Ромашкина стал бить кашель, он застонал от боли, но сознание было ясное.
– Нет, я все помню… Я же там был… Кых-кых.
Комбат моргал ему глазами: молчи, мол, не будь дураком. И Ромашкин понял.
Когда Линтварев куда-то вышел, Городецкий сказал:
– Ты поосторожнее с такими словами. Не то отправят тебя куда-нибудь подальше и в противоположную сторону от передовой.
– Почему вы всегда о передовой говорите как-то странно.

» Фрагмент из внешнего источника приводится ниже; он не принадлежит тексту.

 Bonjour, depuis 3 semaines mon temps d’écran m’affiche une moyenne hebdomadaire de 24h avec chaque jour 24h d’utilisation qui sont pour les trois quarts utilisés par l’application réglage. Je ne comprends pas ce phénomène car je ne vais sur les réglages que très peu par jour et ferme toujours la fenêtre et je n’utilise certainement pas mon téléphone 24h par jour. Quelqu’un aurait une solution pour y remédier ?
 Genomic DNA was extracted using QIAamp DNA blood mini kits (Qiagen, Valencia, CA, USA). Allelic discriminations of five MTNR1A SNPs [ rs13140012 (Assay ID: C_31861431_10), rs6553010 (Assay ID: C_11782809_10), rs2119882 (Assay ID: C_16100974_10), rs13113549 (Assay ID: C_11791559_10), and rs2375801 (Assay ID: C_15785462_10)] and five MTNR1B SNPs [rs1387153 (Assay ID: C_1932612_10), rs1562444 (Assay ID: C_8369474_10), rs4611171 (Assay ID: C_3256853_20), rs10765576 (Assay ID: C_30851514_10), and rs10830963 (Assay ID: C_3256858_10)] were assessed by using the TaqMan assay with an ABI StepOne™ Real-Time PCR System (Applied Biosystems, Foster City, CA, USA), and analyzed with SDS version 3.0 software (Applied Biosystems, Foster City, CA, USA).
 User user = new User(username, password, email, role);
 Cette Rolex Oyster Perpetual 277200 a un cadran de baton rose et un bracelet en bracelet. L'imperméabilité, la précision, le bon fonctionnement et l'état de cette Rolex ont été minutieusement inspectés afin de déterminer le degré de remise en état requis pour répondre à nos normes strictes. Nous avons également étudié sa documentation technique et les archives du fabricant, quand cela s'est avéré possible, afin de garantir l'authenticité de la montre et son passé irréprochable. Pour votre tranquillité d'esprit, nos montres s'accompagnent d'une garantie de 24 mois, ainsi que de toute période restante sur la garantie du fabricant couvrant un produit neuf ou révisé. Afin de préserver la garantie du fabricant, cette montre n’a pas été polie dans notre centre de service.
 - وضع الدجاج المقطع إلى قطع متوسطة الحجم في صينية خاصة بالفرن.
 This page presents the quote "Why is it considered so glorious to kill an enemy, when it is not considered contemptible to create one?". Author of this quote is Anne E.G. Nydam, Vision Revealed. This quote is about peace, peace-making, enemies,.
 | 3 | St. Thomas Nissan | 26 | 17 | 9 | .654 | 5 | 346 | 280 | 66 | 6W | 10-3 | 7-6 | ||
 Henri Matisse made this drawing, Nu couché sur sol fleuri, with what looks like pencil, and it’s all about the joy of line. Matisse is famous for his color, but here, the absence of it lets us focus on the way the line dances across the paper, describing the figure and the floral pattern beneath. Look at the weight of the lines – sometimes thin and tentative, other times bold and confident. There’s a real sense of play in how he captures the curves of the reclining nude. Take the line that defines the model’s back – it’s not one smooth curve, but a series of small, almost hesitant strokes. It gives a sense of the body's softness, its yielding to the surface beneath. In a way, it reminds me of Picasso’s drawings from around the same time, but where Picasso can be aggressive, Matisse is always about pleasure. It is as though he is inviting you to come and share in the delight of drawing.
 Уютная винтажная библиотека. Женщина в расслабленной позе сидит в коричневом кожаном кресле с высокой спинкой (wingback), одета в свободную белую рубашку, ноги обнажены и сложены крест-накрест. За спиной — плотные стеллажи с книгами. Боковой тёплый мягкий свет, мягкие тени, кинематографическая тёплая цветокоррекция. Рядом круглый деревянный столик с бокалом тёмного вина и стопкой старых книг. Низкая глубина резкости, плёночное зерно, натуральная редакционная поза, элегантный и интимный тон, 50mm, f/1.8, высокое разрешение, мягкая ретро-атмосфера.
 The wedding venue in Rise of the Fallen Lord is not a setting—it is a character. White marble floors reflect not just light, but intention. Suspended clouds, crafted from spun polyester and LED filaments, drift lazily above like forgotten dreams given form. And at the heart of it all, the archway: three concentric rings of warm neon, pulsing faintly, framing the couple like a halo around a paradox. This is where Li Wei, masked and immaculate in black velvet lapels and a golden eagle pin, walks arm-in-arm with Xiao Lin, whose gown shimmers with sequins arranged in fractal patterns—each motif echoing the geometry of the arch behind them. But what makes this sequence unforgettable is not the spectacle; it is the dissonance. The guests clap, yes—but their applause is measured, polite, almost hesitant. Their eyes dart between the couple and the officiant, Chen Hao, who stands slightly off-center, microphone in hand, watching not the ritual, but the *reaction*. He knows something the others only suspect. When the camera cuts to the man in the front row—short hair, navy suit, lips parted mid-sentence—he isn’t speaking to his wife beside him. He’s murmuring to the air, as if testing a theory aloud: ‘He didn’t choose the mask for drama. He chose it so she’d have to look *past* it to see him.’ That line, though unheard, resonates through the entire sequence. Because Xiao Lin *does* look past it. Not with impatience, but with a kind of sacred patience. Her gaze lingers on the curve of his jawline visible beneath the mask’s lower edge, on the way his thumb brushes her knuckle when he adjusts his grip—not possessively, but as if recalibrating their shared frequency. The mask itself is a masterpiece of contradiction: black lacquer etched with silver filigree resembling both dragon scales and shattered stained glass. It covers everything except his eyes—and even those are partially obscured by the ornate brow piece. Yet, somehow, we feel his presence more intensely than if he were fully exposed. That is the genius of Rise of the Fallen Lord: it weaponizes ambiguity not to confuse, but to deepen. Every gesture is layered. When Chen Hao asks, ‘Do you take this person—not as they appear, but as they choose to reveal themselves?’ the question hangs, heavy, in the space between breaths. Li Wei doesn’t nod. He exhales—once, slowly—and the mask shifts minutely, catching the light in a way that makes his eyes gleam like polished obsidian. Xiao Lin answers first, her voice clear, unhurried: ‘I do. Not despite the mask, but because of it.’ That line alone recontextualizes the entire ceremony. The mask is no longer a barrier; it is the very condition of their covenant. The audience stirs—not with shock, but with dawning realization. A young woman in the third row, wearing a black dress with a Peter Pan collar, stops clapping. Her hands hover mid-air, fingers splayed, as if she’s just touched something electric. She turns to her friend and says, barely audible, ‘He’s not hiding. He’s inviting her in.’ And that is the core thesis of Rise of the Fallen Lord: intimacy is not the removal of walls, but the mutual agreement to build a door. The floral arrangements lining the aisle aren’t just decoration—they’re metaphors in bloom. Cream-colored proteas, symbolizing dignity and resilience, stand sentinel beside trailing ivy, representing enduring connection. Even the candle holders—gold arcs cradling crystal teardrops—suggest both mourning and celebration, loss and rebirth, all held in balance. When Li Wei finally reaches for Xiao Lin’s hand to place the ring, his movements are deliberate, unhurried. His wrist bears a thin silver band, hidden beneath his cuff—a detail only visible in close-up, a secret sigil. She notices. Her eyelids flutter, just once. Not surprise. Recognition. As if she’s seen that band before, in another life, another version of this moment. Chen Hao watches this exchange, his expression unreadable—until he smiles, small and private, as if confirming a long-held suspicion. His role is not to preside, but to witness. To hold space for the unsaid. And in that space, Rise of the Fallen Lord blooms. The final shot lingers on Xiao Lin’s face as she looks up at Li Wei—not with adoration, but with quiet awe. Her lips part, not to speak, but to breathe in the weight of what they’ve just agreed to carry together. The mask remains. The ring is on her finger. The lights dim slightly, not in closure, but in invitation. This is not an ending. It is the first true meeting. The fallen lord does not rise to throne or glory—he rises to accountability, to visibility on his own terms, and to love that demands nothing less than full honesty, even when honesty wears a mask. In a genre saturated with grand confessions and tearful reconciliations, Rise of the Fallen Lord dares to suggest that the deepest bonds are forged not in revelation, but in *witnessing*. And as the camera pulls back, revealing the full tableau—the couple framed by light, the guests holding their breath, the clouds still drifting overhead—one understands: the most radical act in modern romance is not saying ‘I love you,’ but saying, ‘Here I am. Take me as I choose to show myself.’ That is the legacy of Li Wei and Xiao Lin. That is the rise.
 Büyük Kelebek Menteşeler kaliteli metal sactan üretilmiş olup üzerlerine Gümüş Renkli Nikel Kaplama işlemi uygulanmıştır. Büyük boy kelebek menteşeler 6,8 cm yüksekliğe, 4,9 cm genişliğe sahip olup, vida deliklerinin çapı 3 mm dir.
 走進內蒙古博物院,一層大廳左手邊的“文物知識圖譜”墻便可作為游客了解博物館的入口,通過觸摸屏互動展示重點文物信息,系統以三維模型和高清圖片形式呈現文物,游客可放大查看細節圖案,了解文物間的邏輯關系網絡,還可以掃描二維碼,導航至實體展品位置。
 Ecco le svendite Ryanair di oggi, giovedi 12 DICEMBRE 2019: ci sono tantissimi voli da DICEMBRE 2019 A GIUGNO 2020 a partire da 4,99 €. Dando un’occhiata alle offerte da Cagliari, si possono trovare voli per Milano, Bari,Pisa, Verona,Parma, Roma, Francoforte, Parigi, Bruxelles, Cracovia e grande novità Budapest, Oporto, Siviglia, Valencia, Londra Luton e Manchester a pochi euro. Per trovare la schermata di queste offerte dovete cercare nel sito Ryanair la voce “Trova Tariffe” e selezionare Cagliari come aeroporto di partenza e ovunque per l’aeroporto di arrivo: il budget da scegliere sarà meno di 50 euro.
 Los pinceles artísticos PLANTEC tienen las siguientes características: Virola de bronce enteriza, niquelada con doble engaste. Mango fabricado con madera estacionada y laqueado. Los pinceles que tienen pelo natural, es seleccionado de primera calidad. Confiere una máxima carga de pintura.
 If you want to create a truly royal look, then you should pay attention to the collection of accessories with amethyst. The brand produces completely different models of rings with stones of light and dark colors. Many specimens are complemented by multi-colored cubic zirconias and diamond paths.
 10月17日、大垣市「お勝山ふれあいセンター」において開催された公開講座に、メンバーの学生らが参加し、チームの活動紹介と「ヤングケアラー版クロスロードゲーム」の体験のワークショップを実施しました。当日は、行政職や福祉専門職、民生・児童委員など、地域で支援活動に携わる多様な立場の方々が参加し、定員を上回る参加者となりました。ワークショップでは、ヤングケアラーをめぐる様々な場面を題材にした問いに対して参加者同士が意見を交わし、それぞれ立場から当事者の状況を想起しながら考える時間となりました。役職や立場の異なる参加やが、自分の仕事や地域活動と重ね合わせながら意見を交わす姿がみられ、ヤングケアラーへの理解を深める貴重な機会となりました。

Городецкий улыбнулся, обнажив прокуренные желтые зубы, и стал рассказывать:
– С этим делом так было. Я служил на Дальнем Востоке. Ну, как началась война, все стали проситься на фронт. А командир полка никого не отпускал. Да от него это и не зависело. А был он мужик хитрый и всем обещал: «Кто проявит себя хорошо и окажется достойным, буду ходатайствовать об отправке на передовую». На стрельбах я и еще один комбат – капитан Чикунов – отличились. Командир полка сказал перед строем: «Буду ходатайствовать о направлении в действующую армию». А сам, конечно, не выполнил. Вот и пошла меж командиров поговорка – чуть что: «Будем ходатайствовать об отправке на передовую». Надолго прилипли эти слова. И я забыть их не могу.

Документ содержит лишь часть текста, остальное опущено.